Random Access Iterators

Some algorithms, such as standard sort and binary search, require the ability to jump directly to an arbitrary element of a container. This is termed random access, and it requires a random access iterator. This type of iterator has all the features of a bidirectional iterator, plus it adds operations (such as pointer addition) that support random access and relational operators for ordering the elements. Table 16.3 lists the operations a random access iterator has beyond those of a bidirectional iterator. In this table, X represents a random iterator type, T represents the type pointed to, a and b are iterator values, n is an integer, and r is a random iterator variable or reference.

Table 16.3. Random Access Iterator Operations

Expressions such as a + n are valid only if both a and a + n lie within the range of the container (including past-the-end).

Iterator Hierarchy

You have probably noticed that the iterator kinds form a hierarchy. A forward iterator has all the capabilities of an input iterator and of an output iterator, plus its own capabilities. A bidirectional iterator has all the capabilities of a forward iterator, plus its own capabilities. And a random access iterator has all the capabilities of a forward iterator, plus its own capabilities. Table 16.4 summarizes the main iterator capabilities. In it, i is an iterator, and n is an integer.

Table 16.4. Iterator Capabilities

An algorithm written in terms of a particular kind of iterator can use that kind of iterator or any other iterator that has the required capabilities. So a container with, say, a random access iterator can use an algorithm written for an input iterator.

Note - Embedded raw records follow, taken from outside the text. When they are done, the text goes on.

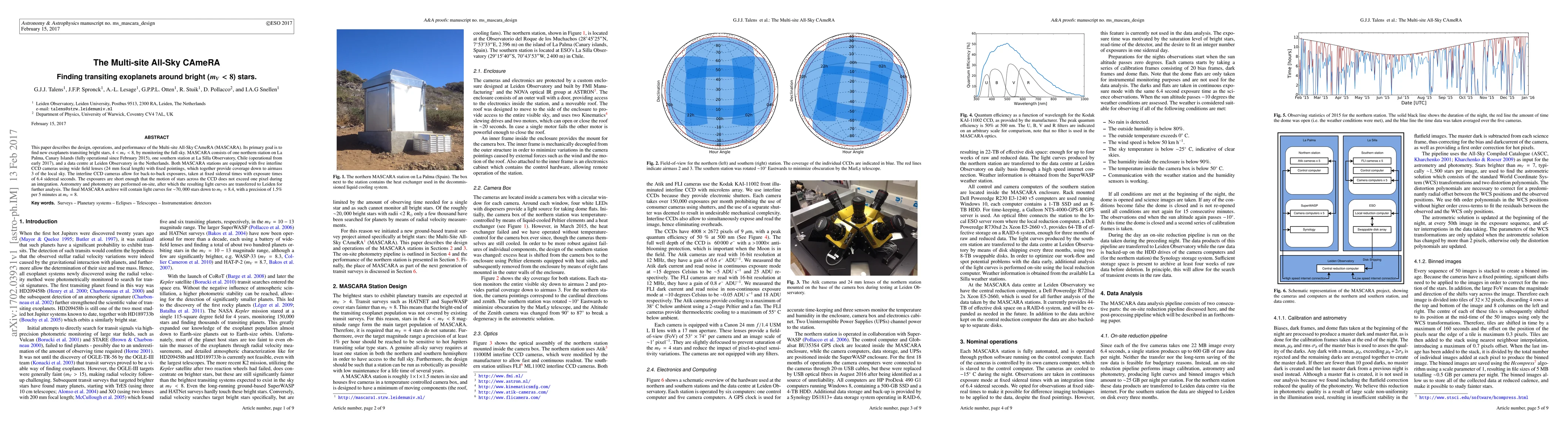 The MASCARA project presents a system of telescopes on La Palma and La Silla, designed to discover exoplanets around bright stars by continuously monitoring the entire sky. Utilizing interline CCD cameras with wide field lenses, MASCARA captures back-to-back images at fixed sidereal times. On-site, astrometry and photometry are performed, with light curves then analyzed at the data center in Leiden. The initiative aims to generate a comprehensive archive of light curves for ~70,000 stars up to magnitude 8.4, with a precision of 1.5% every 5 minutes for $m_V=8$.
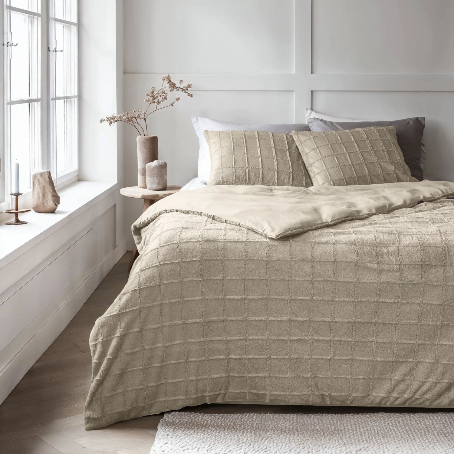 Sleeptime Teddy Dekbedovertrek Fur Check – 140×200/220 cm – Beige
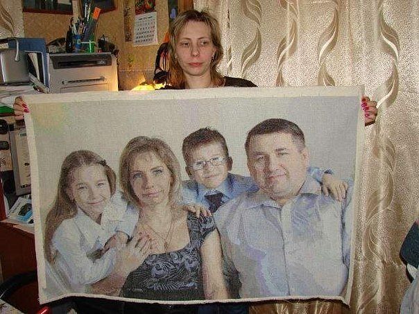 я надеюсь я не засоряю тему, а типа толкаю идеи. Дева вышила портрет семьи (где-то в одноклассниках увидела). Хорошо, что сейчас программы высчитывают схему, а я помню времена когда мы расчерчиваоли фото и вышивали, я что-то попроще, а мама вышила икону, смотря на нее, без схемы, на нынешнее время не идеально, но очень замечательно!
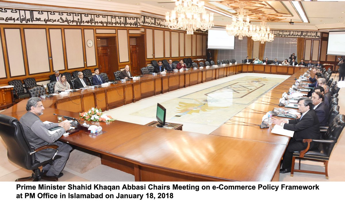 Prime Minister Shahid Khaqan Abbasi directed Ministry of Commerce to continue engaging the private sector in finding solutions to the issues such as #taxation and provision of a level-playing field to the local companies involved in e-commerce transactions.pic.twitter.com/Fq5YPV3rKO
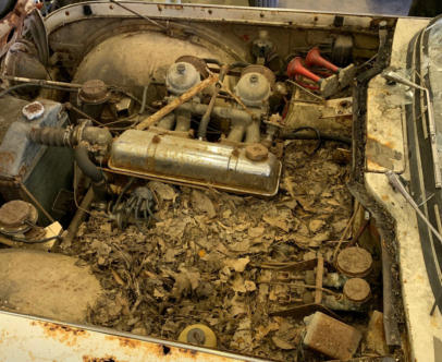 One more to go along with the neglected TR4 from October 7. This one was just too good not to share! Once we were able to get the hood open, we found this gigantic squirrel nest inside the engine bay. When cars are neglected by humans, you can rest assured that they will not be ignored by the animals! We’ve seen our share of nut shells and mouse droppings inside of engine cylinders, and blown plenty of nesting material out of exhaust systems on cars which were coaxed back to life. We’ve also repaired plenty of chewed wiring and interior components, including a TR6 that literally had the entire interior (including the wood dash overlay) eaten by raccoons, but never have we seen an engine bay that was as completely taken over as with this one. Apparently the tarp which was draped over the car did a wonderful job of making the TR4 a nice cozy habitat for the wildlife, not to mention trapping the moisture inside which totalled the car with rust.
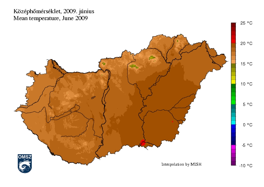 Június során a napi országos középhőmérsékletek főként a hónap első öt napján illetve 20-tól kezdődően a sokévi átlagértékek alatt maradtak.

Why all these different kinds of iterators? The idea is to write an algorithm using the iterator with the fewest requirements possible, allowing it to be used with the largest range of containers. Thus, the find() function, by using a lowly input iterator, can be used with any container that contains readable values. The sort() function, however, by requiring a random access iterator, can be used just with containers that support that kind of iterator.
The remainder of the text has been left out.